= Armando Ghitalla =

American orchestral trumpeter

Armando Ghitalla (June 1, 1925 – 14 December 2001) was an American orchestral trumpeter. He studied at the Juilliard School, and performed in the New York City Opera, the New York City Ballet, and the Houston Symphony. He was a member of the Boston Symphony Orchestra for 28 years, and served as principal trumpet (succeeding Roger Voisin) for fifteen. He was also active as a soloist, and was the first trumpeter to record the Trumpet Concerto in E by Johann Nepomuk Hummel.

Ghitalla was born in Alpha, Illinois, and his family moved to Knoxville, Illinois, shortly after he was born. At age 8, he decided he wanted to play the trumpet. He graduated from Knoxville High School in 1942 and enrolled at Illinois Wesleyan University. He entered the U.S. Navy a year later. He played trumpet in a Navy dance band and led the port ensemble at Subic Bay, Philippines, from 1944-1945. After the war, he used the G.I. Bill to enroll in Juilliard School of Music in New York City.
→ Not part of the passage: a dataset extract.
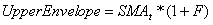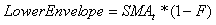 Employing an Envelope is similar to Bollinger Bands®, except equidistant from the center average, in that the Envelope helps define the upper and lower boundaries of a security's normal trading range. When the security reaches the upper band, this may indicate a sell opportunity, whereas the security reaching the lower band may indicate a buy opportunity. Default of 20 periods with Upper and Lower % default of 6 can be changed. The formulas for the upper and lower envelopes are

He served on the faculties of Boston University, the New England Conservatory, the Hartt School of Music at the University of Hartford, the Tanglewood Music Center and the University of Michigan. At the time of his death, he was on the faculty of the Shepherd School of Music at Rice University.

A CD of his final recordings was released by Bridge Records in August 2007. It includes concertos by William P. Perry, Amilcare Ponchielli, Johann Melchior Molter and Oskar Böhme.

Ghitalla was a great mentor to many trumpeters including Rolf Smedvig, Wynton Marsalis, Raymond Mase and countless others. Ghitalla's characteristic way of single tonguing was called "anchor tonguing" and was very similar to the tonguing style called "K Tongue Modified" by Claude Gordon and used by Herbert L. Clarke.

Armando Ghitalla also tutored the Jazz and rock trumpeter Bill Chase.